- Interactive map of the River Ring area

General information
- Classification: Residential
- Coordinates: 40°43′5″N 73°57′56″W﻿ / ﻿40.71806°N 73.96556°W
- Estimated completion: 2030

Design and construction
- Architect: BIG
- Developer: Two Trees

= River Ring (development) =

Planned residential complex in Brooklyn, New York

River Ring is a mixed-use development planned for the Williamsburg neighborhood of Brooklyn in New York City. Two Trees, the project's developer, commissioned a design from BIG and James Corner Field Operations.

==Development and history==
Consolidated Edison previously occupied the three lots on which River Ring will rise, using them for purposes including oil storage. Two Trees, the project's developer, purchased the lots in 2019 for $150 million. Two Trees first released public renderings of the project's structures in late 2019. The project abuts the Domino Sugar Redevelopment, also a Two Trees development.

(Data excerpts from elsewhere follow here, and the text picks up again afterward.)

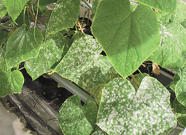 Подошел черед рассказать о мучнистой росе, самой распространенной, по мнению огородников, болезни огурцов. Страдают от этого опасного заболевания и тепличные растения, и саженцы открытого грунта. Однако в теплицах вредоносность проявляется сильнее. Первые признаки болезни можно пропустить: на нижней стороне листьев возникает едва заметный белый налет.
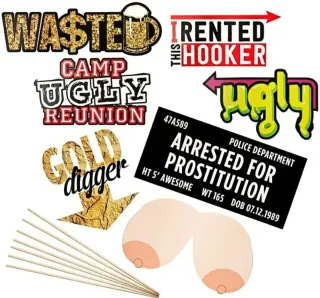 Kit de accesorios para fotos divertidas y selfies. Incluye varios carteles y elementos para animar tus fiestas. - Photo Bombing! Props - Incluye 7 accesorios para selfies. - Diseños variados como Rented Hooker, Wasted, Gold Digger, Camp Ugly Reunion, Arrested Prostitute y Ugly Reunion. - Edad recomendada: 18+.
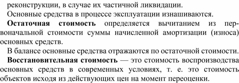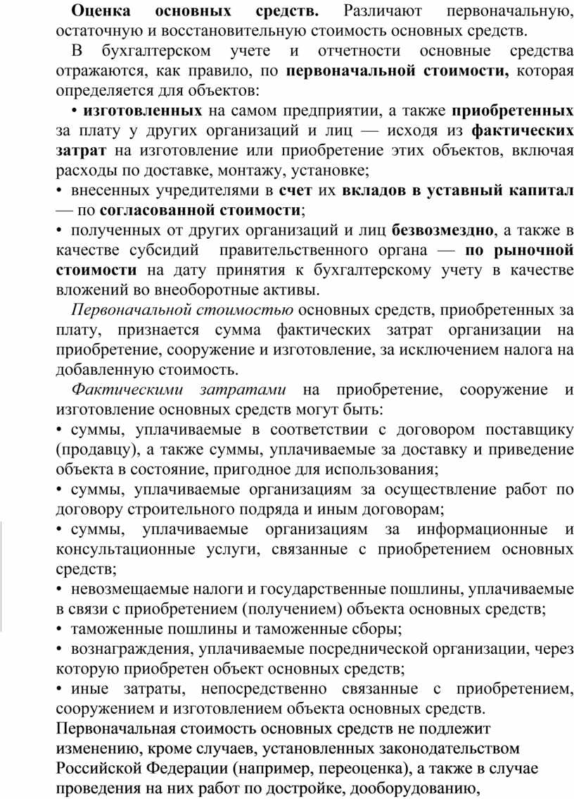 Оценка основных средств. Различают первоначальную, остаточную и восстановительную стоимость основных средств.
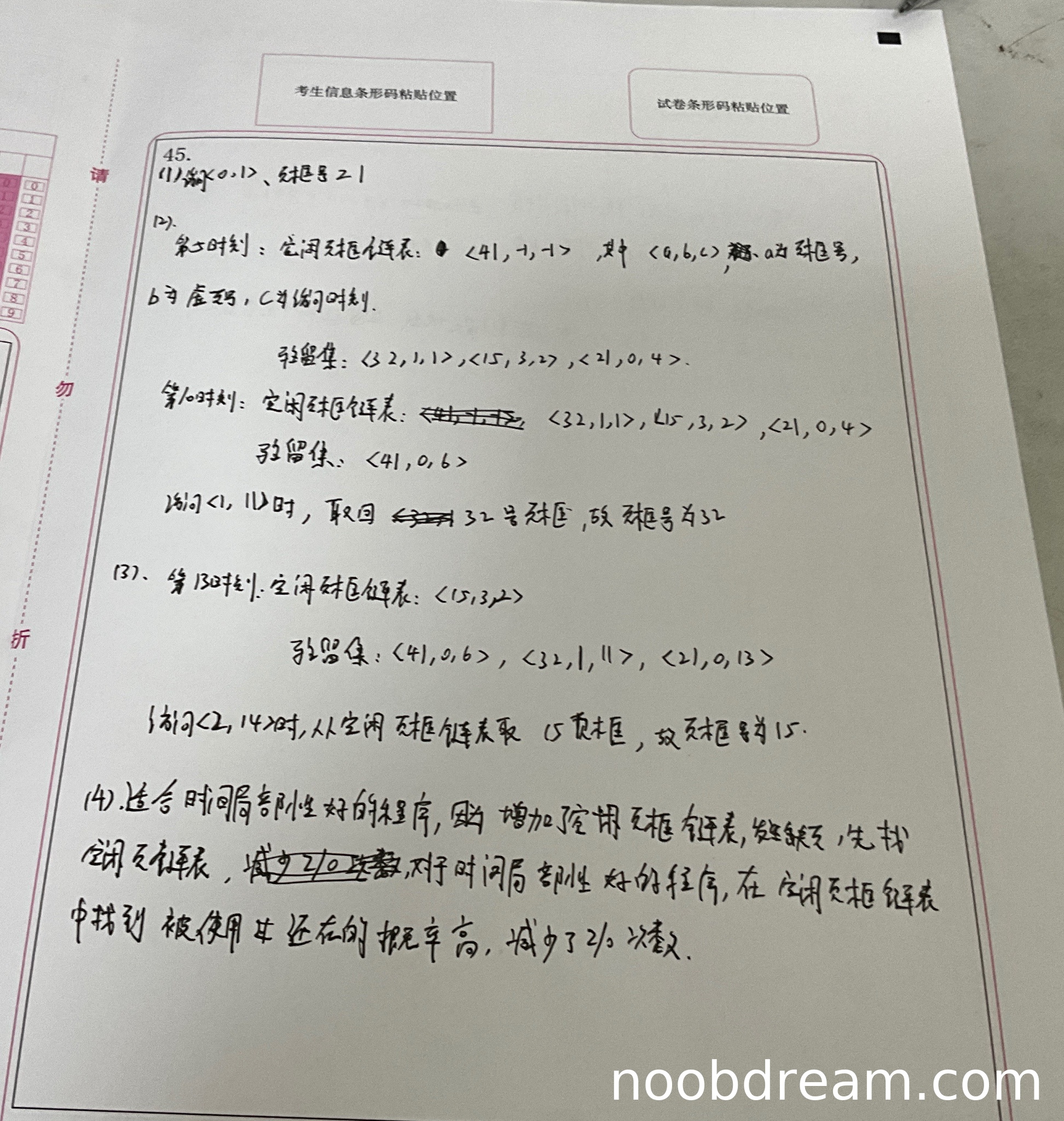 学生第一次识别结果未给出(1)的答案,第二次识别结果中给出"初始<0,1>,页框号21",但题目问的是访问<0,4>时的页框号。根据标准答案,访问<0,4>时页框号应为21。虽然学生没有直接回答(1),但在第二次识别结果的驻留集描述中包含了<21,0,4>,表明访问<0,4>时页框号为21。考虑到识别可能遗漏,且上下文有正确信息,给1分。
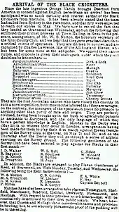 - ↑ "M.C.C. vs. Ten Aboriginals with T. W. Wills". Bell's Life in Victoria and Sporting Chronicle (Melbourne). 29 December 1866. p. 2. Retrieved 25 January 2016.
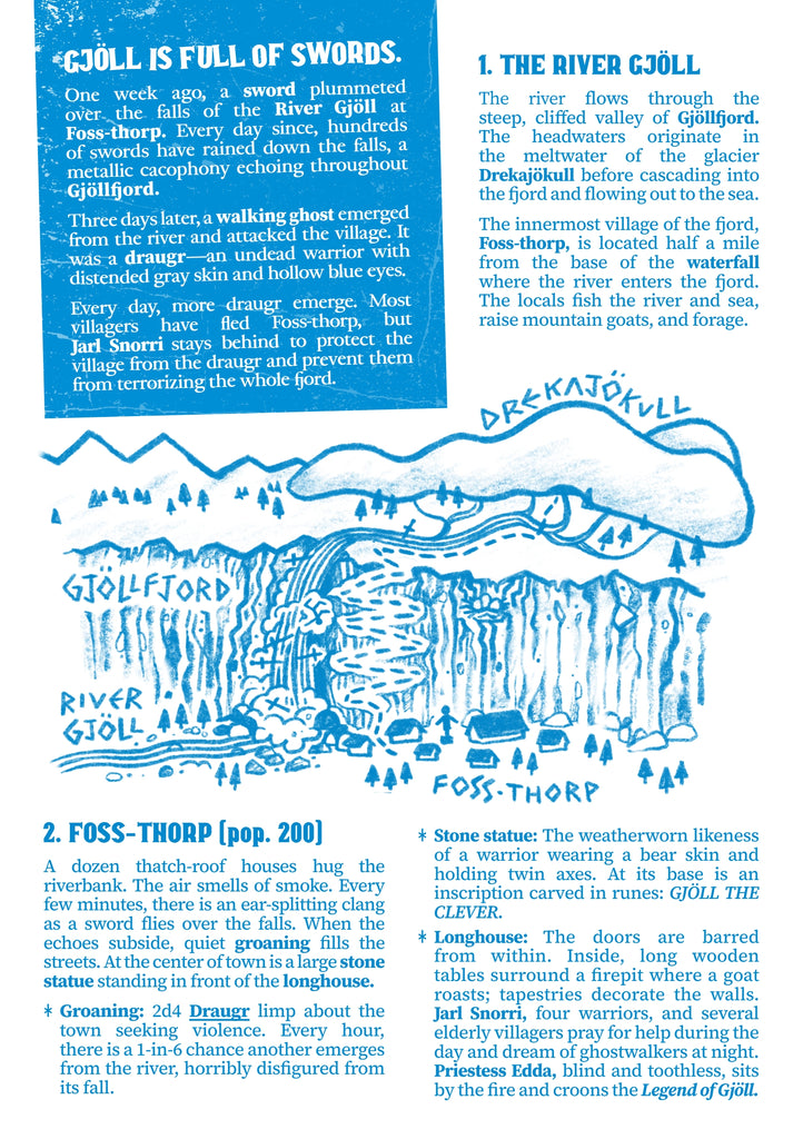 One week ago, a sword plummeted over the falls of the river Gjöll at Foss-thorp. Every day since, hundreds of swords have rained down the falls, their metallic cacophony echoing throughout Gjöllfjord.
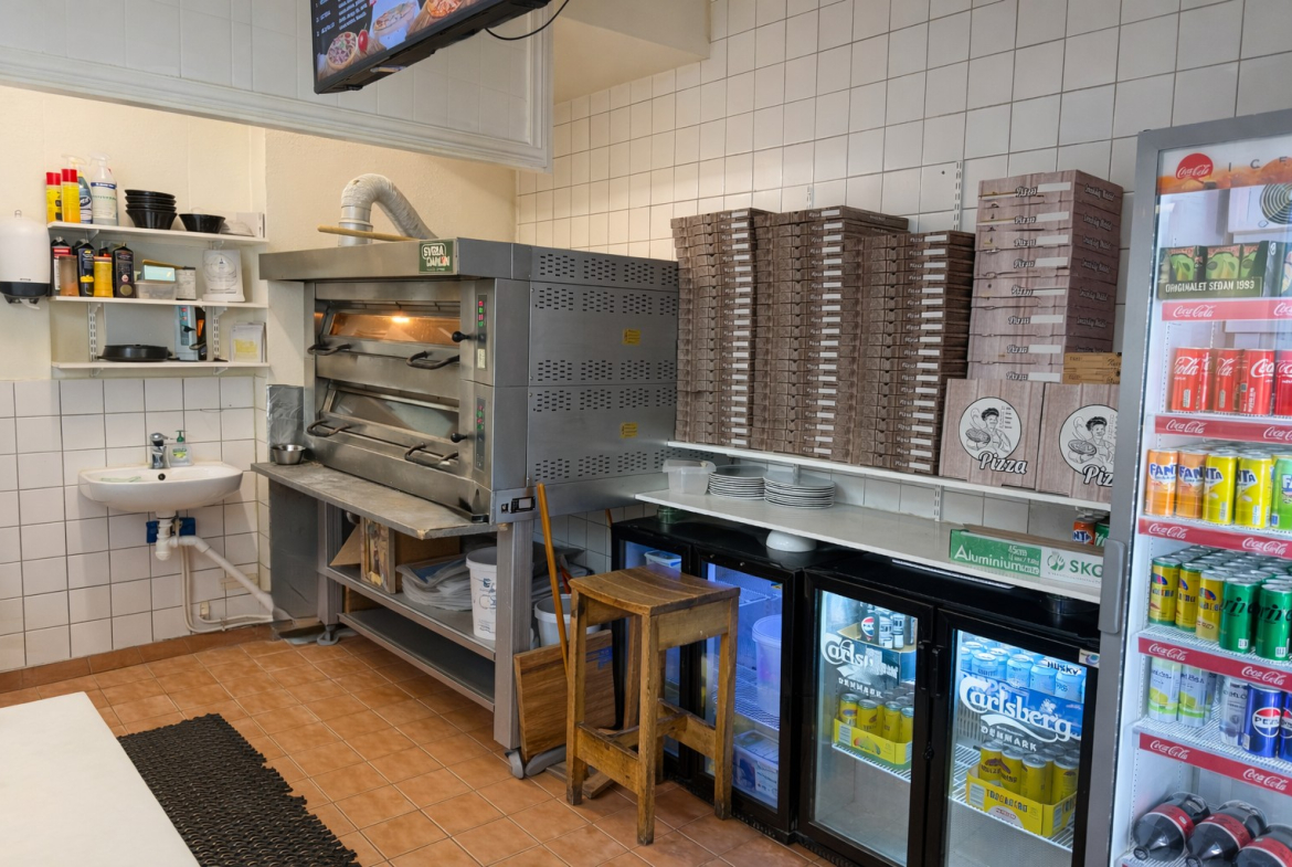 Lokalen har en yta om cirka 138 kvm samt källarutrymme som används för lager och förvaring. Planlösningen är mycket funktionell med bra arbetsytor och två entréer från gatan – en mot pizzadelen och en mot restaurangdelen, även om verksamheten bedrivs i samma lokal.
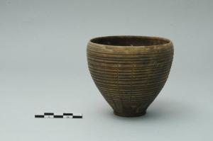 Vasetto a pareti sottili, corpo espanso verso l'alto e molto rastremato in basso, orlo leggermente rientrante e piede a disco, il corpo è decorato da fitte linee orizzontali incise e da altre verticali.
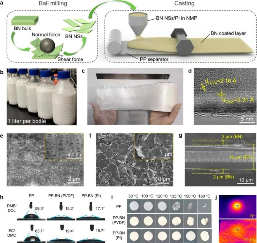 氮化硼是一种无毒、耐高温、耐腐蚀、高导热、高绝缘,性能优良的陶瓷材料。清华大学深圳国际研究生院周光敏副教授、丘陵副教授等人使用了一种简单的方法,即将大规模制备的超薄六方氮化硼 (h-BN)/聚酰亚胺 (PI) 层涂覆在商用聚丙烯 (PP)隔膜上以实现低成本诱导稳定的SEI形成。
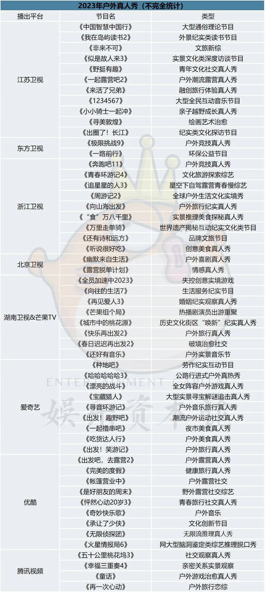而最近,结合去年发布的片单以及近来各卫视、平台招商会透露的信息,娱乐资本论对2023年的综艺项目进行了一番梳理后发现,户外真人秀或者说户外作为一项元素越发受到生产端青睐。
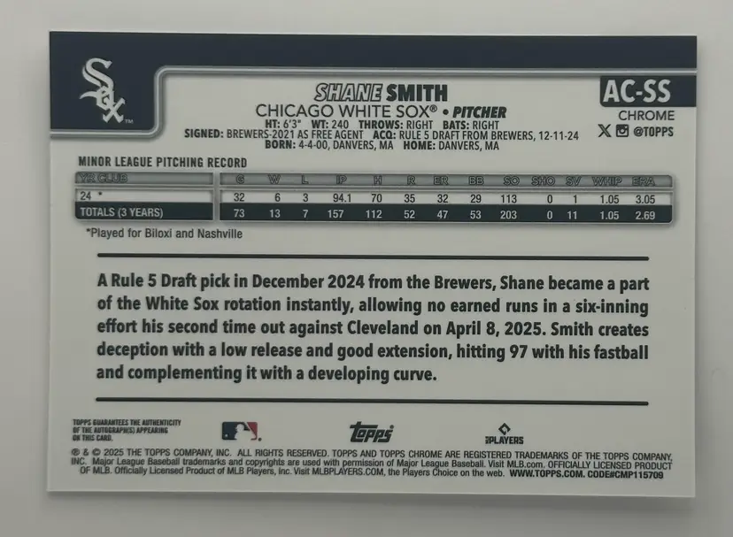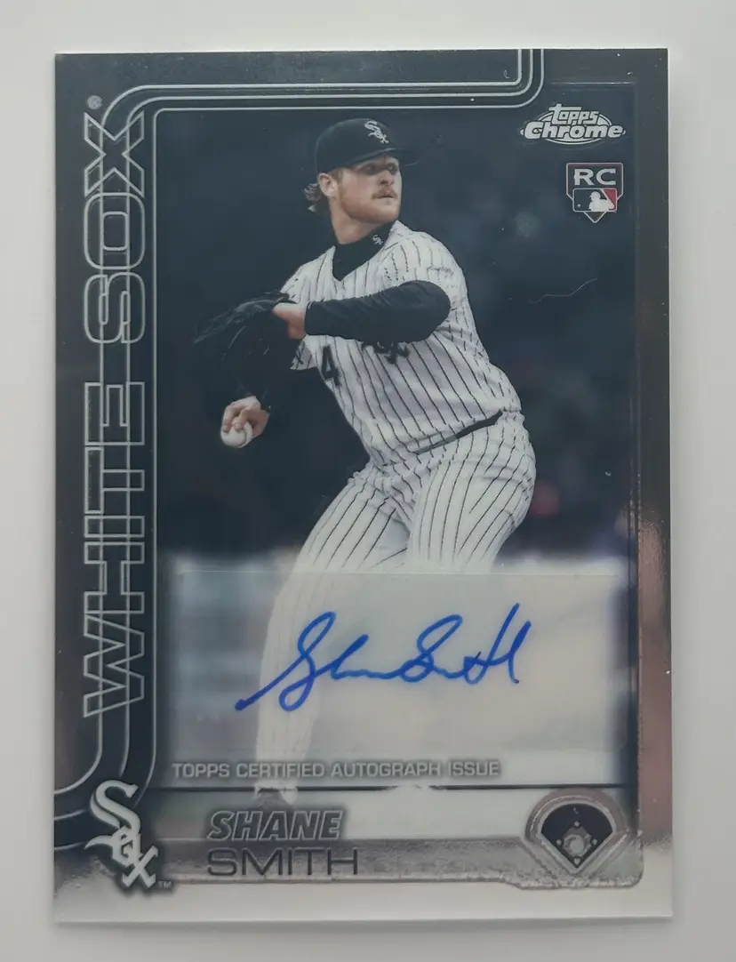 Add this Shane Smith rookie card from Topps Chrome to your collection, featuring his autograph and celebrating his time with the White Sox.

Part of the Domino project, Domino Park, was designed by James Corner Field Operations; the firm will also design the outdoor portions of River Ring.

The project will have two towers, originally planned to top out at 600 and 650 feet respectively. Revised plans for the two towers were released in early 2021, increasing the height of one tower to 710 feet and decreasing the other to 560 feet. The project requires rezoning for construction to begin, as zoning currently mandates using the space for commercial or industrial purposes. The project must also go through New York City's Uniform Land Use Review Procedure. An organization, Sustainable Williamsburg, has objected to the rezoning plans. Two Trees anticipates completion by 2027.

Before construction begins, the site will host a miniature golf course and a farm. The golf course opened in July 2021. The development went before the City Planning Commission on August 16, 2021. Two Trees said it would sell the site to a logistics company if the development was not approved. In December 2021, the plan for the development was approved.

In June 2022, a property tax break known as 421a the development was going to utilize expired. Two Trees said that the new tax break, 485x, has requirements that are too strict to make the project financially feasible. The new requirements included much higher minimum wages for construction workers, new affordable housing requirements, and new income band caps. As of May 2024, the development has not started construction because of these reasons.

==Design and usage==
The buildings will have approximately 1200 residential units, as well as office space and a YMCA. In addition to the residential structures, the development will include a private park with a beach, designed to soak up floodwater, as the development will sit in a floodplain.